**Task goal:** A verbatim copy of the full data, with no pictures, is the expected answer.

**Dataset excerpt:**
/---
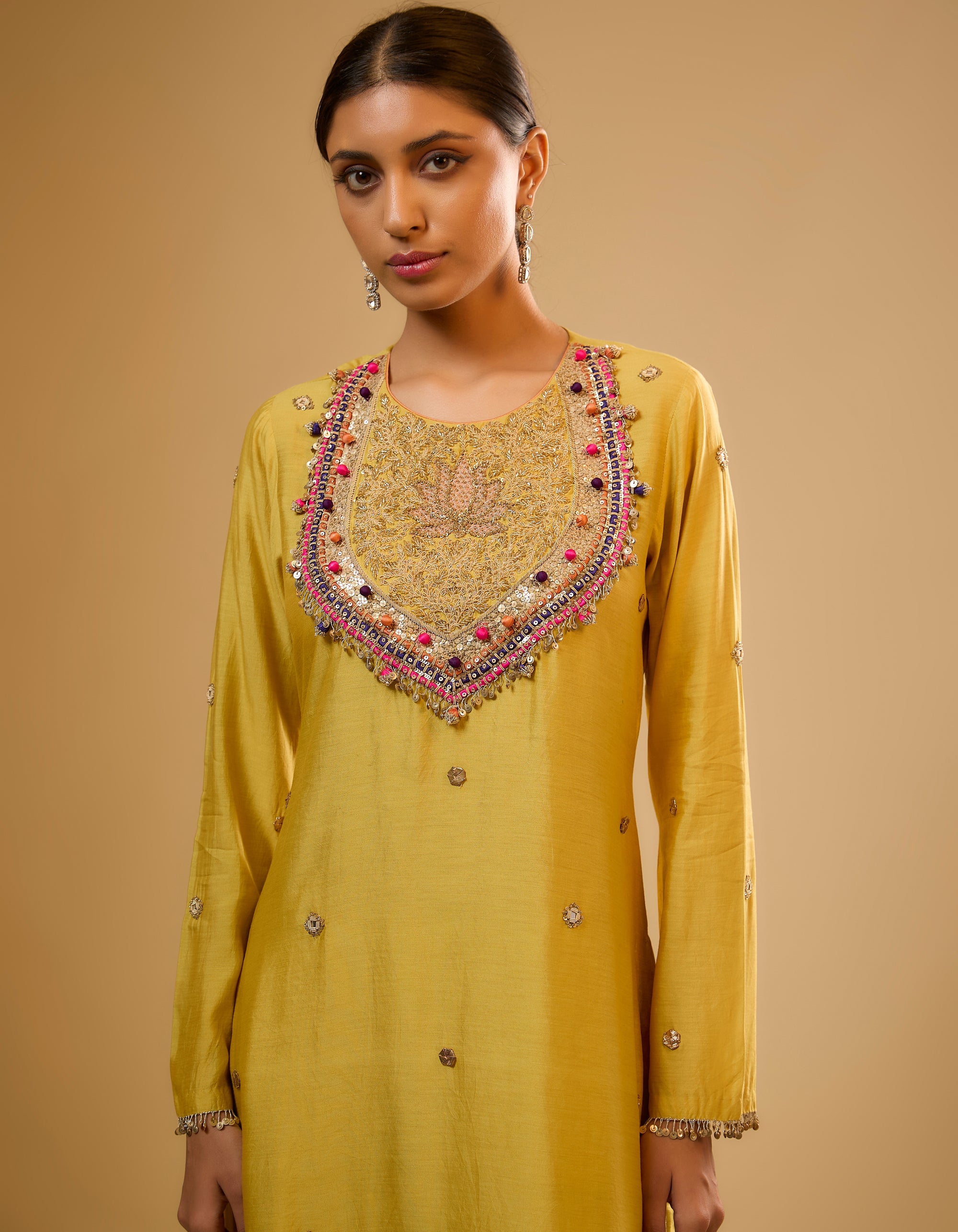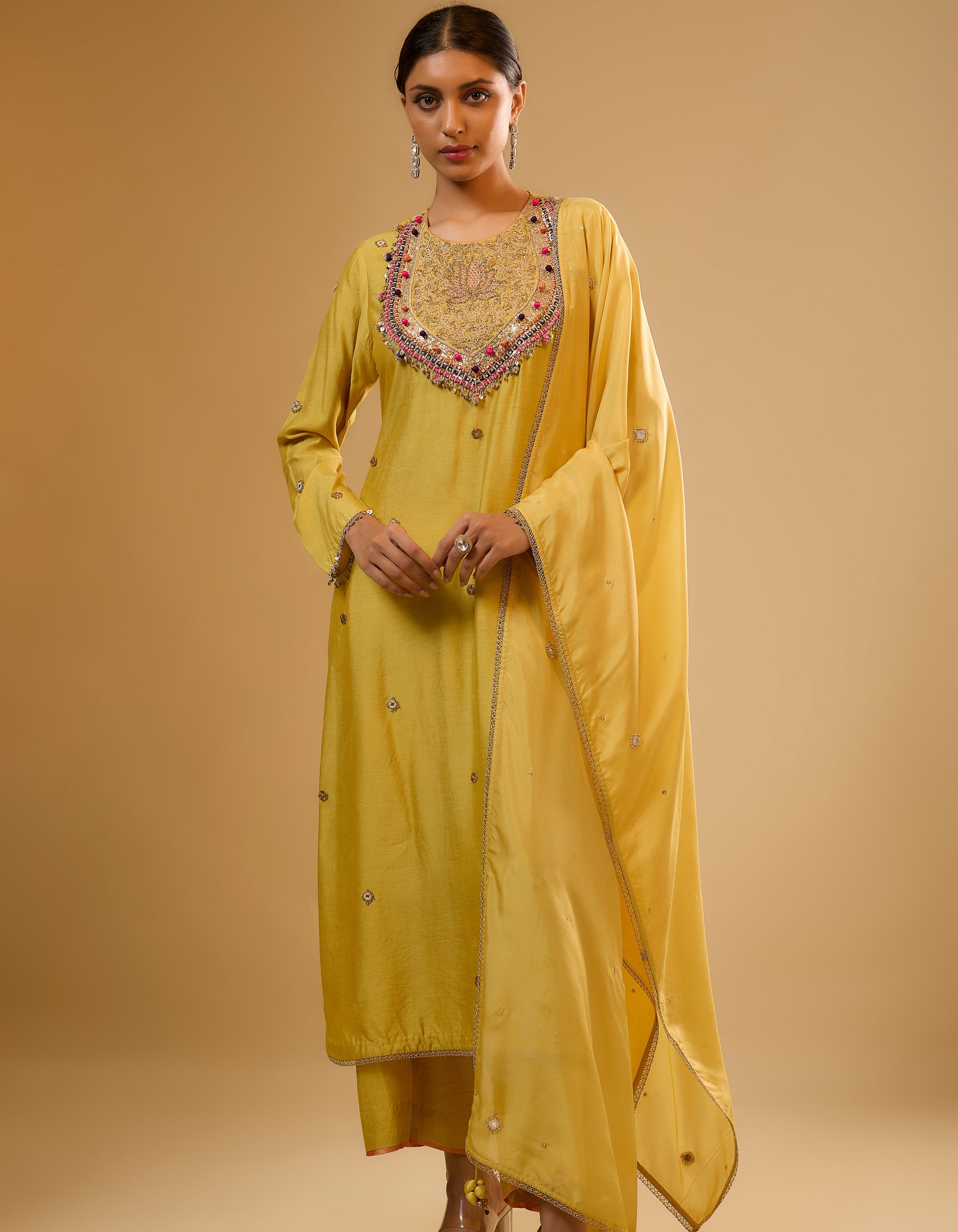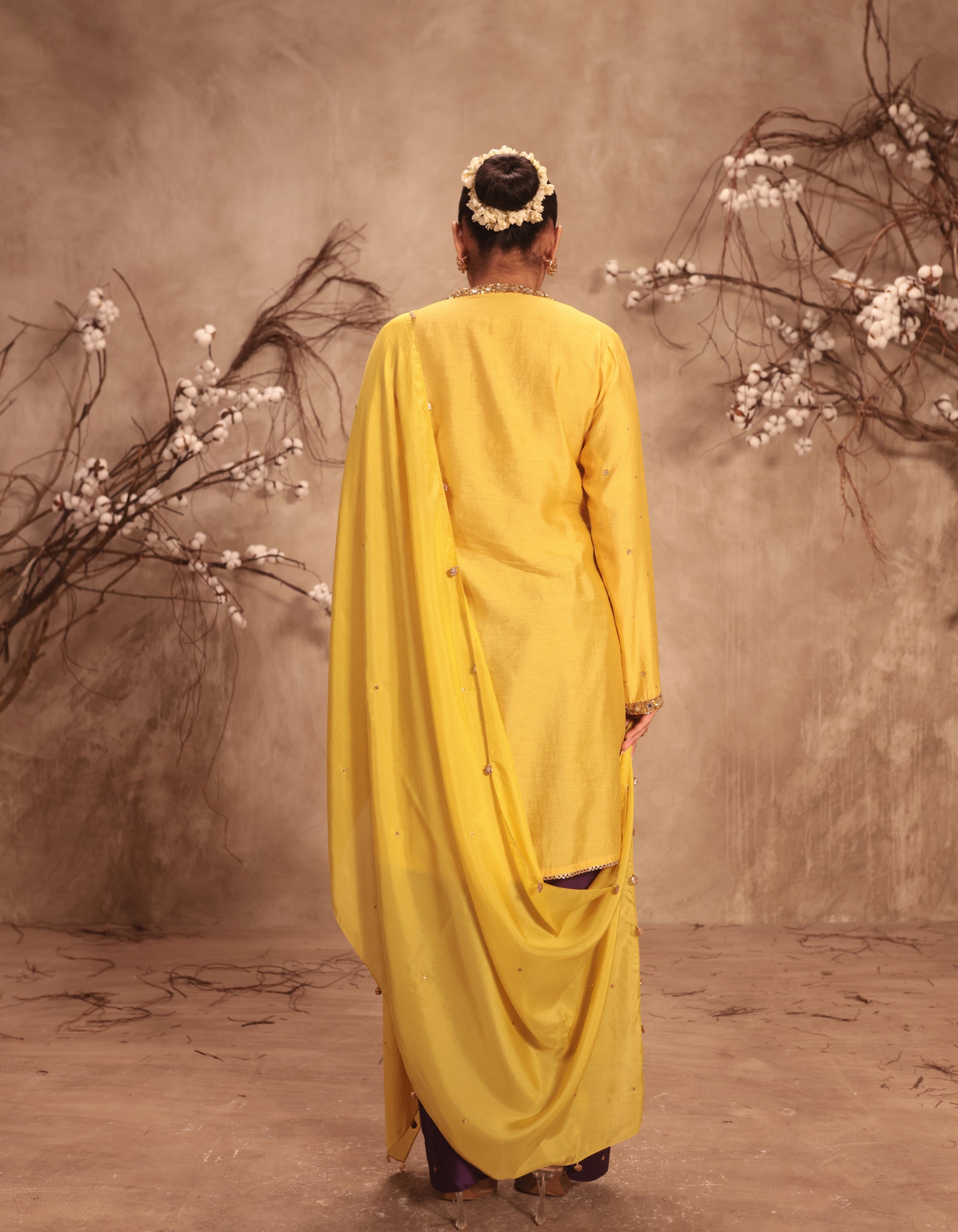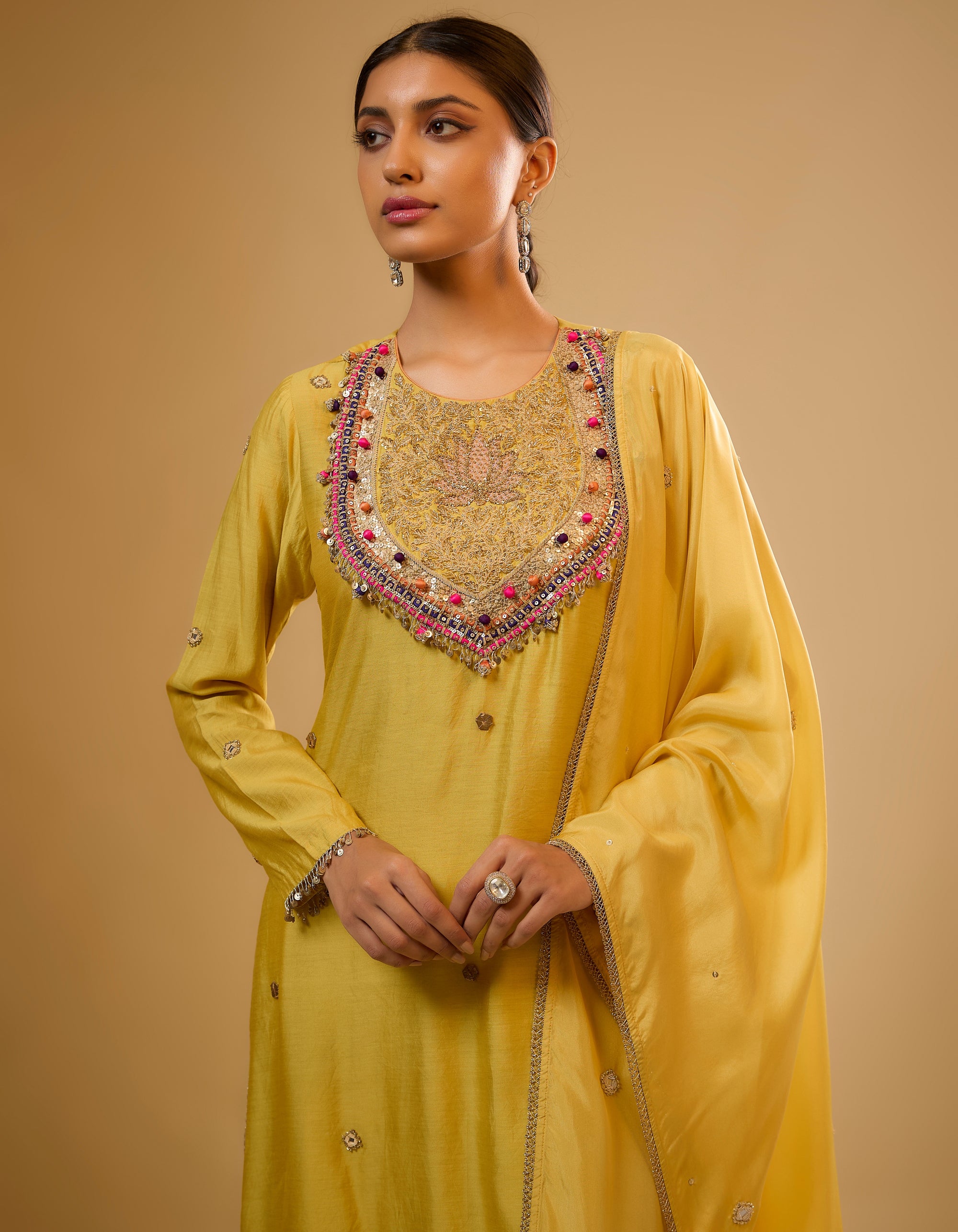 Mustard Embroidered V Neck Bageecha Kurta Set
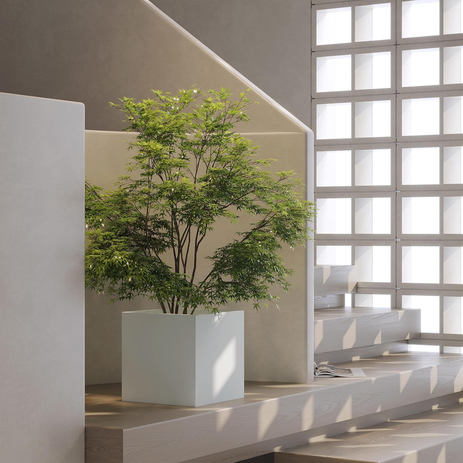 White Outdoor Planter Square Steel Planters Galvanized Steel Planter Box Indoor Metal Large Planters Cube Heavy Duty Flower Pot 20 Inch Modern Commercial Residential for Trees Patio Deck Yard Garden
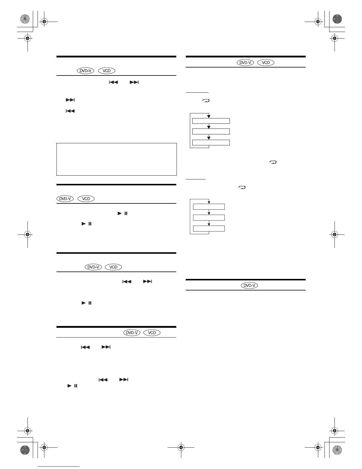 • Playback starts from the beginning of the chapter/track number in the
\---
**Task answer:**
 Mustard Embroidered V Neck Bageecha Kurta Set
 White Outdoor Planter Square Steel Planters Galvanized Steel Planter Box Indoor Metal Large Planters Cube Heavy Duty Flower Pot 20 Inch Modern Commercial Residential for Trees Patio Deck Yard Garden
 • Playback starts from the beginning of the chapter/track number in the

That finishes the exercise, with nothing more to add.